Collected data entries
##########

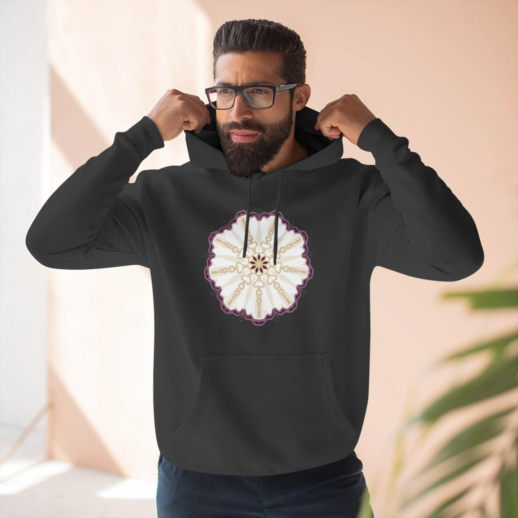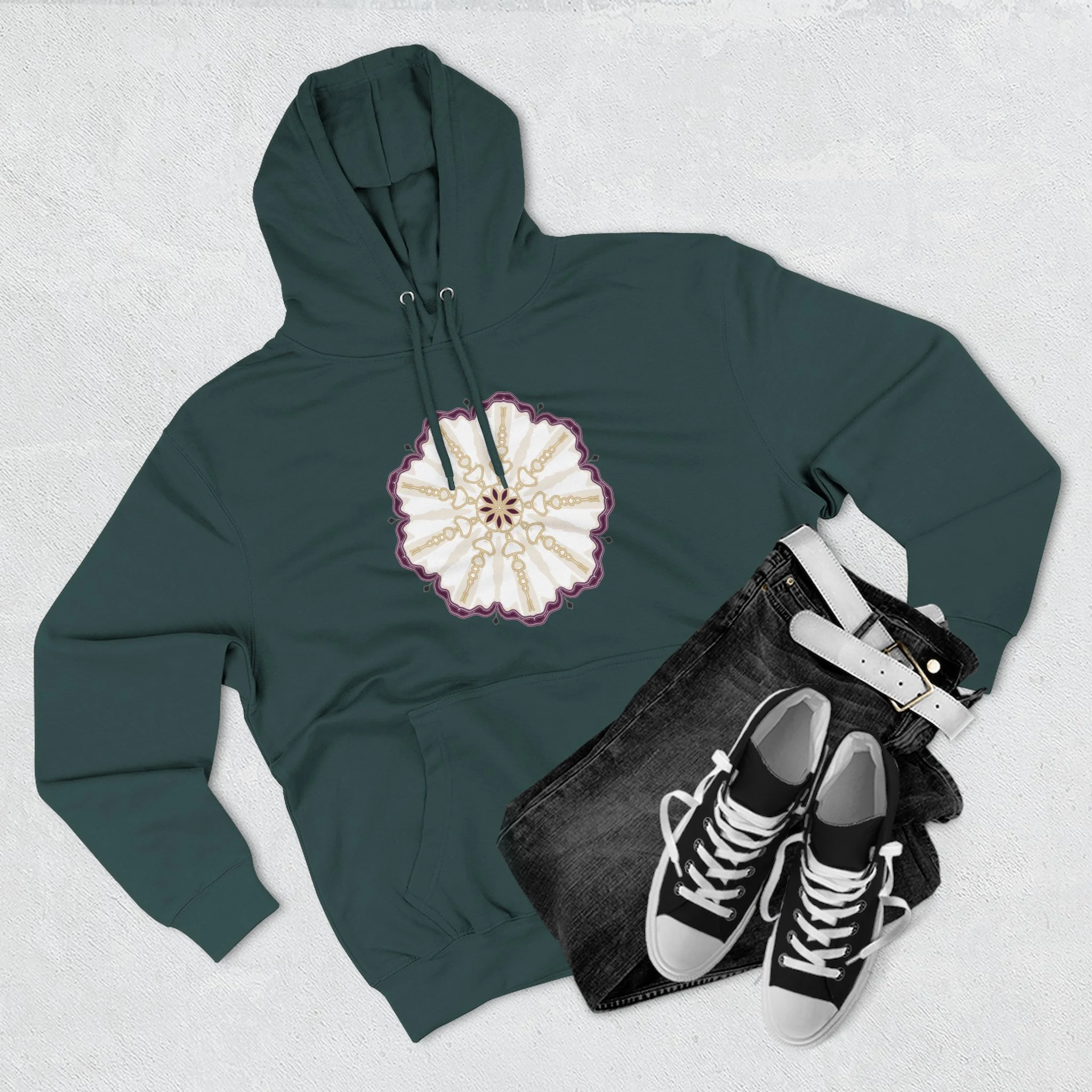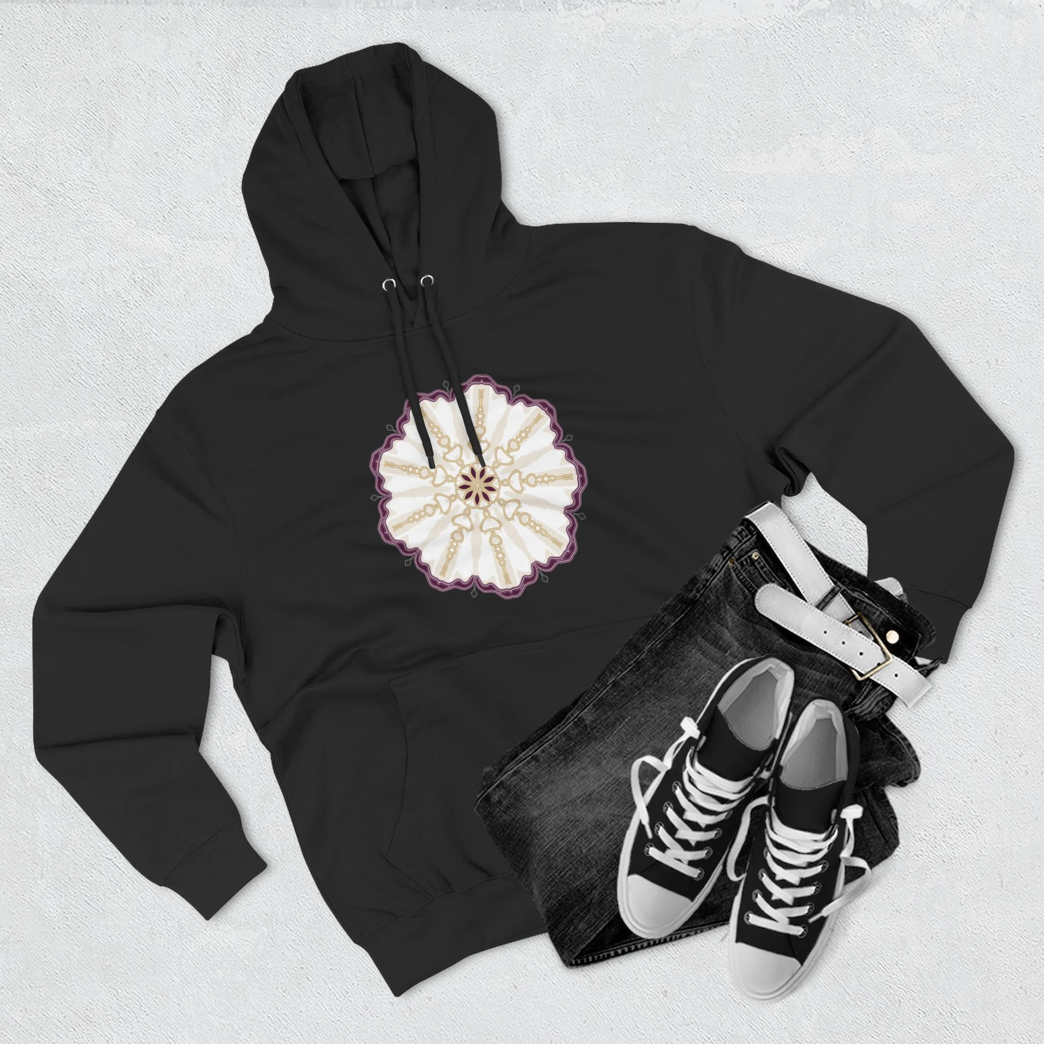 Mandala Blossom Hoodie — Minimal Floral Centerpiece Fleece Hoodie
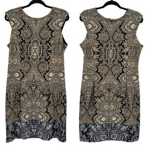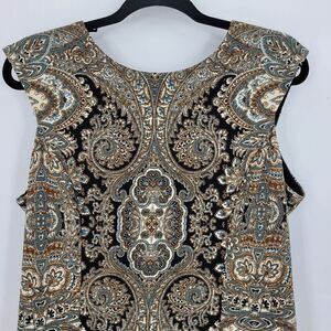 Vintage Dress Barn Sleeveless Shift Dress 14 Brown Gray Paisley Medallion Print
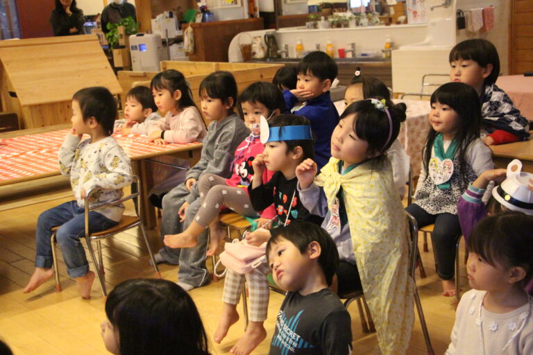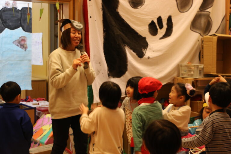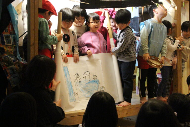 オオカミショッカーとヒーローごっこもリゾートのスタッフによる手作り(4,5歳児の子どもたちによる手作り)紙芝居も
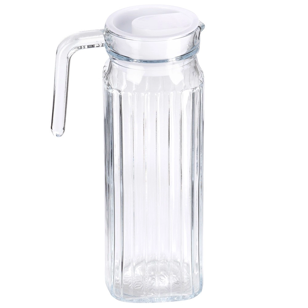 Elegantní skleněný džbán o objemu 1 l s úzkým, čtvercovým půdorysem perfektně pasuje do dveří lednice. Má pohodlné ucho, výlevku pro přesné nalévání a bílé víčko, které chrání nápoj. Díky ryhovanému sklu, bezpečnému víčku a snadné údržbě v myčce je ideální pro vodu, džusy i ledový čaj.
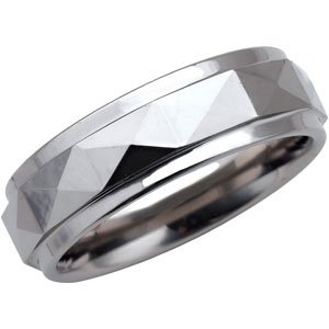 Tungsten 7.3 mm Faceted Band with Ridge Size 10.5

##########

Give the lines above again exactly, from the one containing "オオカミショッカーとヒーロー" to the one containing "Elegantní skleněný džbán", both included, but leave out the pictures.

[TASK ANSWER]
 オオカミショッカーとヒーローごっこもリゾートのスタッフによる手作り(4,5歳児の子どもたちによる手作り)紙芝居も
 Elegantní skleněný džbán o objemu 1 l s úzkým, čtvercovým půdorysem perfektně pasuje do dveří lednice. Má pohodlné ucho, výlevku pro přesné nalévání a bílé víčko, které chrání nápoj. Díky ryhovanému sklu, bezpečnému víčku a snadné údržbě v myčce je ideální pro vodu, džusy i ledový čaj.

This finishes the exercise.